What the task requires »
Write out each record below exactly, without pictures.

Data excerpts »
——————————

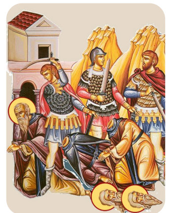
Sf. Cuv. Mucenici din Sinai și Rait

Slujitoare a cuvântului dumnezeiesc, cea întocmai cu Apostolii, Nina, lui Andrei cel întâi chemat și altor apostoli în apostolească propovăduire te-ai asemănat, luminătoarea Iviriei și alăută a Duhului Sfânt, roagă-L pe Hris- tos Dumnezeu să mântuiască sufletele noastre.
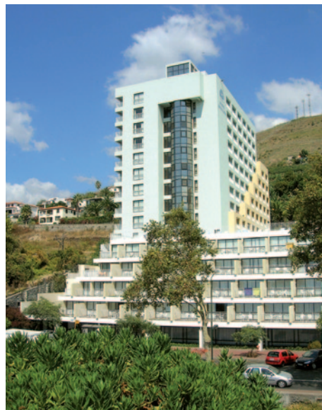
Hotel Alto Lido

Mietsafe, Klimaanlage/Heizung, Minibar und Balkon mit seitlichem Meerblick ausgestattet sind. Das Hotel bietet Rezeption, Restaurant, Bar, Café, Poolbar, Sonnenterrasse, Fitnessraum, Billiard, Tischtennis, Squash-Feld, Sauna sowie einen Innen- und Außenpool (Freizeiteinrichtungen teilweise gegen Gebühr).
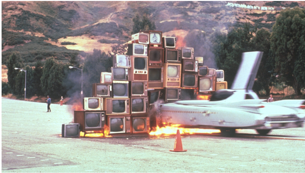
Ant Farm, Media Burn Item , 1975 Collection Frac Centre-Val de Loire

——————————

Solution to this task »
Sf. Cuv. Mucenici din Sinai și Rait

Slujitoare a cuvântului dumnezeiesc, cea întocmai cu Apostolii, Nina, lui Andrei cel întâi chemat și altor apostoli în apostolească propovăduire te-ai asemănat, luminătoarea Iviriei și alăută a Duhului Sfânt, roagă-L pe Hris- tos Dumnezeu să mântuiască sufletele noastre.
Hotel Alto Lido

Mietsafe, Klimaanlage/Heizung, Minibar und Balkon mit seitlichem Meerblick ausgestattet sind. Das Hotel bietet Rezeption, Restaurant, Bar, Café, Poolbar, Sonnenterrasse, Fitnessraum, Billiard, Tischtennis, Squash-Feld, Sauna sowie einen Innen- und Außenpool (Freizeiteinrichtungen teilweise gegen Gebühr).
Ant Farm, Media Burn Item , 1975 Collection Frac Centre-Val de Loire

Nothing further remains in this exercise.